TASK BRIEF => Copy exactly the stretch of lines from the one holding "Kırıkkale’de gençlerin bilimsel" through the last line of the data below, inclusive. Leave out pictures.

RECORDED DATA =>
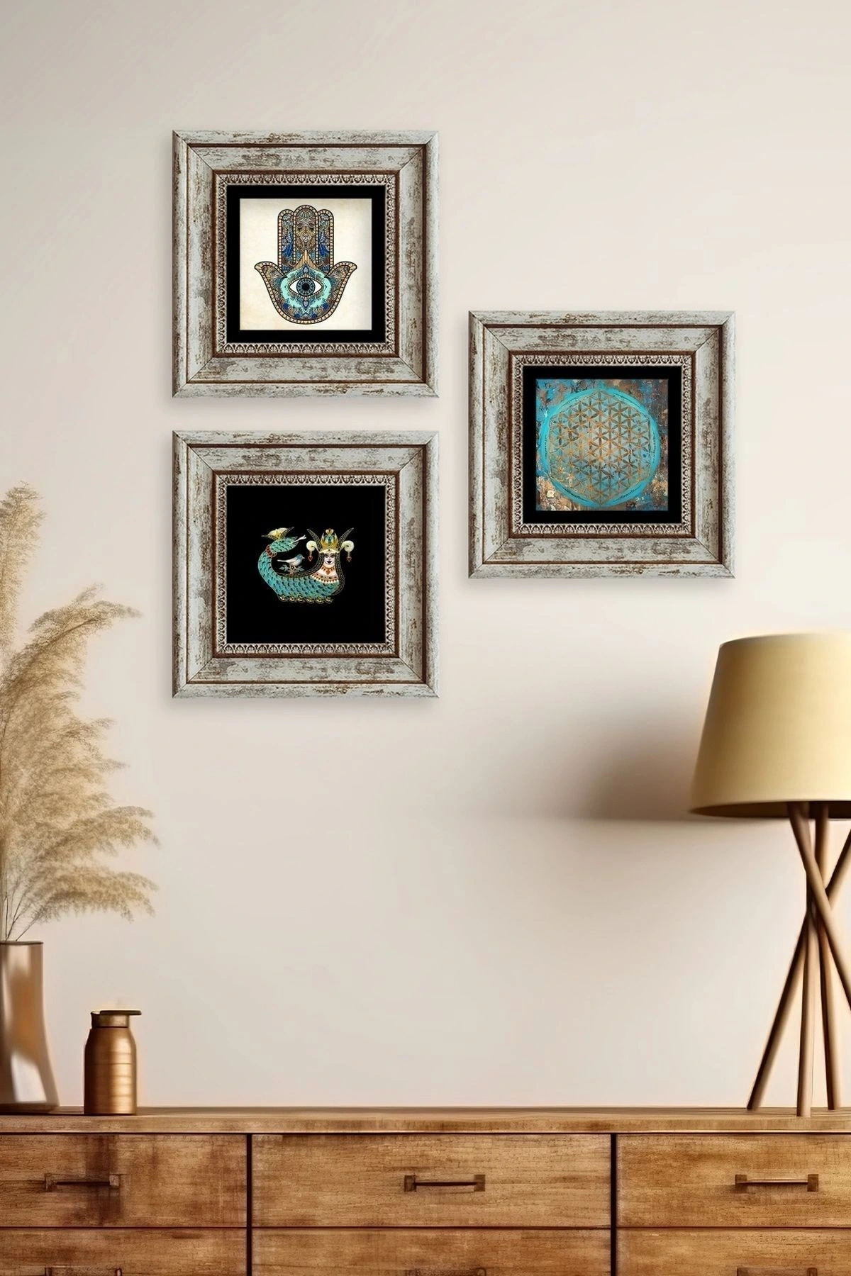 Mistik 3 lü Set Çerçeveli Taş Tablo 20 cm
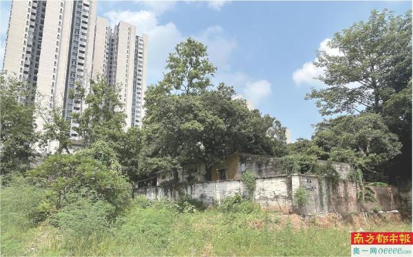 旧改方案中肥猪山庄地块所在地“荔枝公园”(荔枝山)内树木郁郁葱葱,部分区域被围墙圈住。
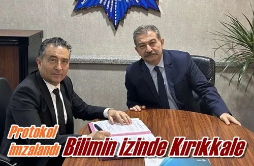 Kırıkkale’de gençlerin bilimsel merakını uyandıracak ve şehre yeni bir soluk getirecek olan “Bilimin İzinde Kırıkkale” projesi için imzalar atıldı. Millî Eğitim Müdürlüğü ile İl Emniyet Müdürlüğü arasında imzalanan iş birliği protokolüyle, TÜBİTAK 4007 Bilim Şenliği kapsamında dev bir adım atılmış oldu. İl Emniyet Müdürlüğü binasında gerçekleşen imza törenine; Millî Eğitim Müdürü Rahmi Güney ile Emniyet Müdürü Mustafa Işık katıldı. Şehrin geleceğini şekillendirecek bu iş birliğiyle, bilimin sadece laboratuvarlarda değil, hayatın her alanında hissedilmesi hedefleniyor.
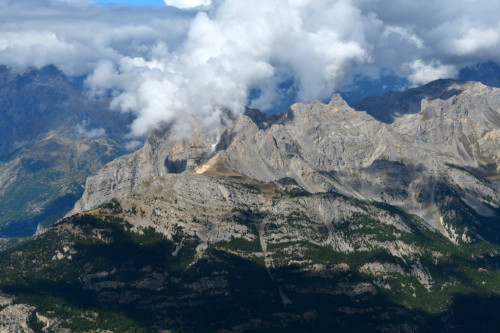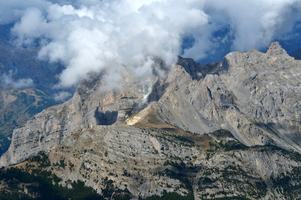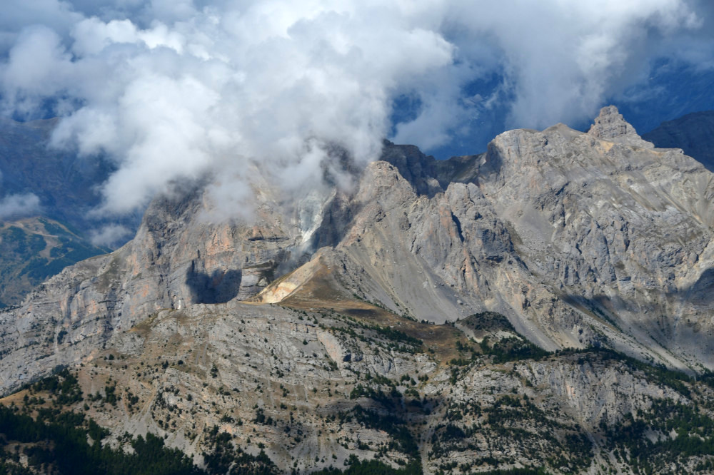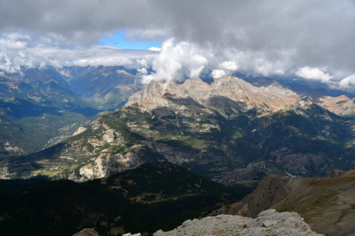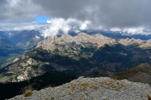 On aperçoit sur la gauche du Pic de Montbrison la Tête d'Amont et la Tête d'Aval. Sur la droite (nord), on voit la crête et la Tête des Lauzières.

ANSWER BOX =>
 Kırıkkale’de gençlerin bilimsel merakını uyandıracak ve şehre yeni bir soluk getirecek olan “Bilimin İzinde Kırıkkale” projesi için imzalar atıldı. Millî Eğitim Müdürlüğü ile İl Emniyet Müdürlüğü arasında imzalanan iş birliği protokolüyle, TÜBİTAK 4007 Bilim Şenliği kapsamında dev bir adım atılmış oldu. İl Emniyet Müdürlüğü binasında gerçekleşen imza törenine; Millî Eğitim Müdürü Rahmi Güney ile Emniyet Müdürü Mustafa Işık katıldı. Şehrin geleceğini şekillendirecek bu iş birliğiyle, bilimin sadece laboratuvarlarda değil, hayatın her alanında hissedilmesi hedefleniyor.
 On aperçoit sur la gauche du Pic de Montbrison la Tête d'Amont et la Tête d'Aval. Sur la droite (nord), on voit la crête et la Tête des Lauzières.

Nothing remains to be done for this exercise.